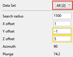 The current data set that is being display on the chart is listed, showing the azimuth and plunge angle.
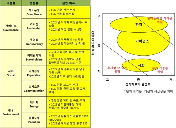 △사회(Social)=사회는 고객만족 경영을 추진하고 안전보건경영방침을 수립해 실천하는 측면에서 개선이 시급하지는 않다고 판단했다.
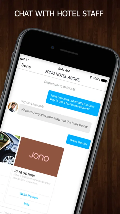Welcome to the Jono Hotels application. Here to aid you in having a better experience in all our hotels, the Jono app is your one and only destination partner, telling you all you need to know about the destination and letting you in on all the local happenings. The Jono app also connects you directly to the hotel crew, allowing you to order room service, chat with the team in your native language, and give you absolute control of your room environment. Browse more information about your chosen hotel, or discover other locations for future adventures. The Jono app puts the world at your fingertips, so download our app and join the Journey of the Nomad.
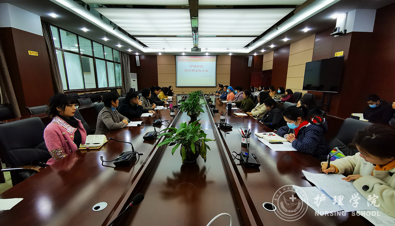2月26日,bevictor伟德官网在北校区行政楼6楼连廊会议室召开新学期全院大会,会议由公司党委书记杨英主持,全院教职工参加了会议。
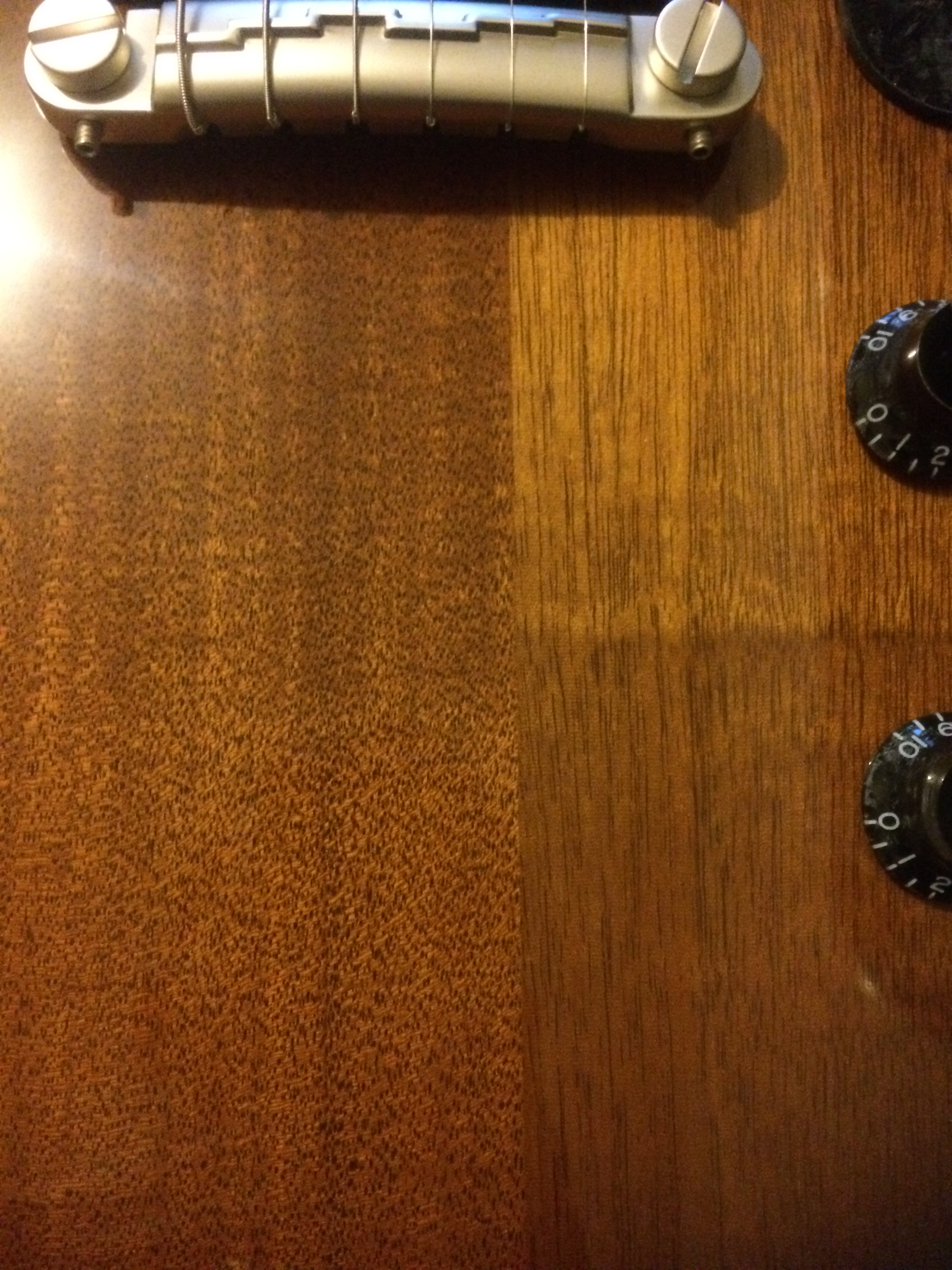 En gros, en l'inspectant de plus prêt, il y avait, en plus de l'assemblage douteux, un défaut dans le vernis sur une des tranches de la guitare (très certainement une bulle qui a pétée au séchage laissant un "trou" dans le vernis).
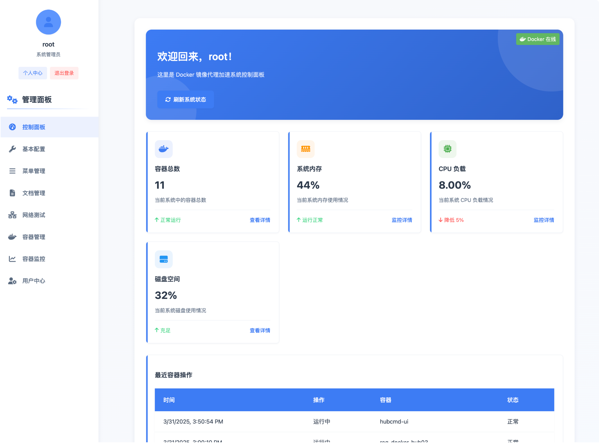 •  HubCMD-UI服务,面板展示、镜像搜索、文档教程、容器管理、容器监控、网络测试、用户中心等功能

+ + + + + + +

EXERCISE BRIEF: Please copy out the material above exactly, with the images removed.

FINAL ANSWER:
 The current data set that is being display on the chart is listed, showing the azimuth and plunge angle.
 △사회(Social)=사회는 고객만족 경영을 추진하고 안전보건경영방침을 수립해 실천하는 측면에서 개선이 시급하지는 않다고 판단했다.
Welcome to the Jono Hotels application. Here to aid you in having a better experience in all our hotels, the Jono app is your one and only destination partner, telling you all you need to know about the destination and letting you in on all the local happenings. The Jono app also connects you directly to the hotel crew, allowing you to order room service, chat with the team in your native language, and give you absolute control of your room environment. Browse more information about your chosen hotel, or discover other locations for future adventures. The Jono app puts the world at your fingertips, so download our app and join the Journey of the Nomad.
2月26日,bevictor伟德官网在北校区行政楼6楼连廊会议室召开新学期全院大会,会议由公司党委书记杨英主持,全院教职工参加了会议。
 En gros, en l'inspectant de plus prêt, il y avait, en plus de l'assemblage douteux, un défaut dans le vernis sur une des tranches de la guitare (très certainement une bulle qui a pétée au séchage laissant un "trou" dans le vernis).
 •  HubCMD-UI服务,面板展示、镜像搜索、文档教程、容器管理、容器监控、网络测试、用户中心等功能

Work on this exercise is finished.